▶ **Assignment**: Return the lines of the data below starting at the one holding "50 Years of Service page 8" and ending at the one holding "Two Storm Shadow missiles on a Tornado GR4.", word for word, leaving every picture out.
^^^^^^^^^^^^^^^^
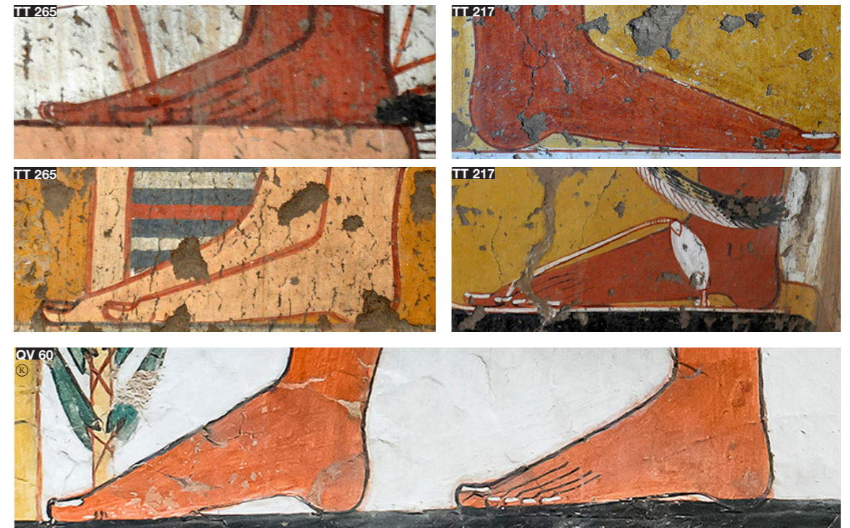
Figure.13. Details of feet and toes in Amenemipet (TT 265), Ipuy (TT 217) and Nefertari (QV 60).
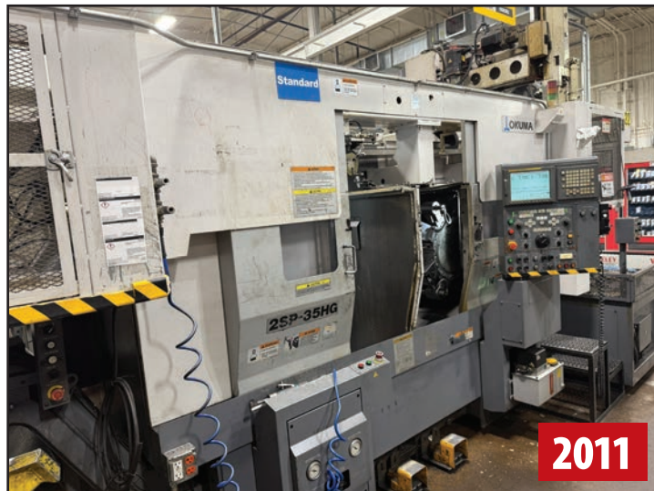
(1 OF 3) OKUMA 2SP-35HG DUAL SPINDLE TURNING CENTER
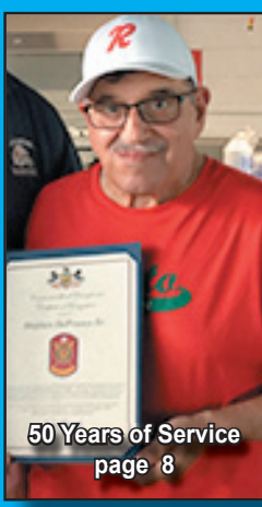
50 Years of Service page 8

VOL. 28 NO. 29 SERVING THE SLATE BELT, SOUTHERN POCONOS & NORTHERN N.J. WEEKLY IN PRINT AND DAILY ONLINE AT WWW.BLUEVALLEYTIMES.COM AND FACEBOOK JULY 16, 2019
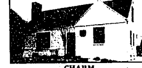
CHARM Brick Bungalow on wonderful street with new landscaping in front, attractive brick walk and new porch. Recently remodeled kitchen. (T100B) 647-6400 $166,000
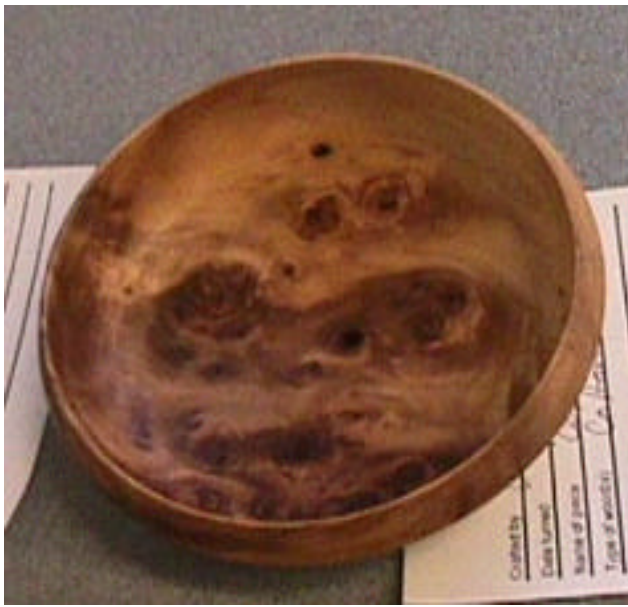
Chuck Kemp's cottonwood bowl
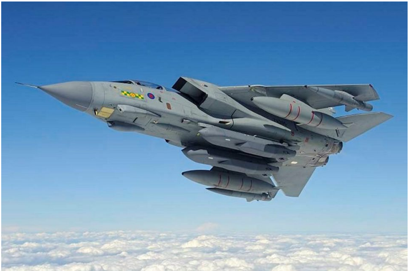
Two Storm Shadow missiles on a Tornado GR4.

The contract to regenerate Storm Shadow, a combat-proven, all-weather precision missile, provides a clear example of the MOD and UK industry working effectively together with our counter parts in France; providing our UK Armed Forces with the best equipment possible while sustaining dozens of UK jobs.
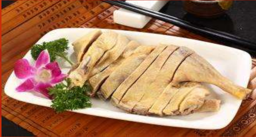
1. Nanjing Salted Duck
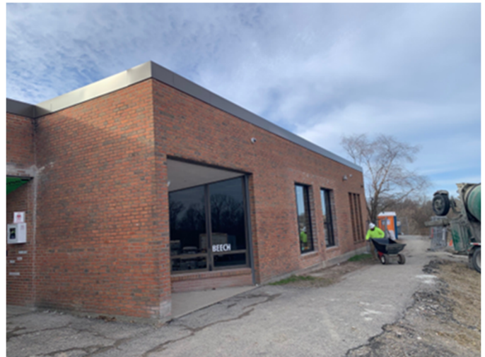
2026.01.13 – New metal fascia and windows
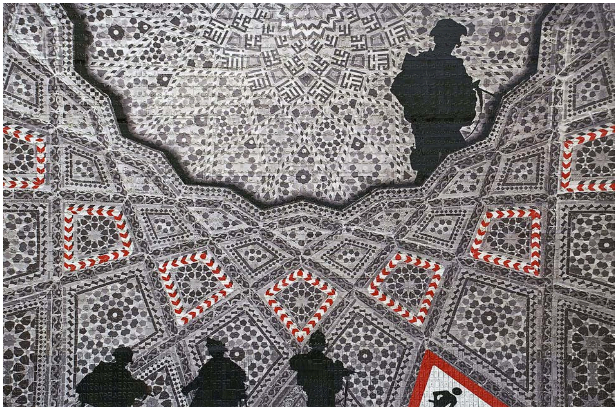
Abdulnasser Gharem, Men at Work I , Gift of the Edge of Arabia. 2017.3.2
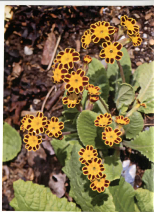
Polyanthus Primrose 'Gold Laced Polyanthus' grown and photo in the garden of John O'Brien, Juneau, Alaska
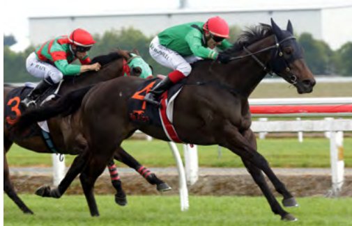
Rhinestone Cowboy (Teoflo)

Bosson, Sword Of Osman dictated the speed throughout before repelling a strong challenge in the run home by Qiji Express (NZ) (Shamexpress), who failed by just a nose to topple the winner. Race favourite Madison County (NZ) (Pins), the stablemate of the runner-up, made ground late to finish third without threatening the first two home. Full story here
^^^^^^^^^^^^^^^^
▶ **Task solution**:
50 Years of Service page 8

VOL. 28 NO. 29 SERVING THE SLATE BELT, SOUTHERN POCONOS & NORTHERN N.J. WEEKLY IN PRINT AND DAILY ONLINE AT WWW.BLUEVALLEYTIMES.COM AND FACEBOOK JULY 16, 2019
CHARM Brick Bungalow on wonderful street with new landscaping in front, attractive brick walk and new porch. Recently remodeled kitchen. (T100B) 647-6400 $166,000
Chuck Kemp's cottonwood bowl
Two Storm Shadow missiles on a Tornado GR4.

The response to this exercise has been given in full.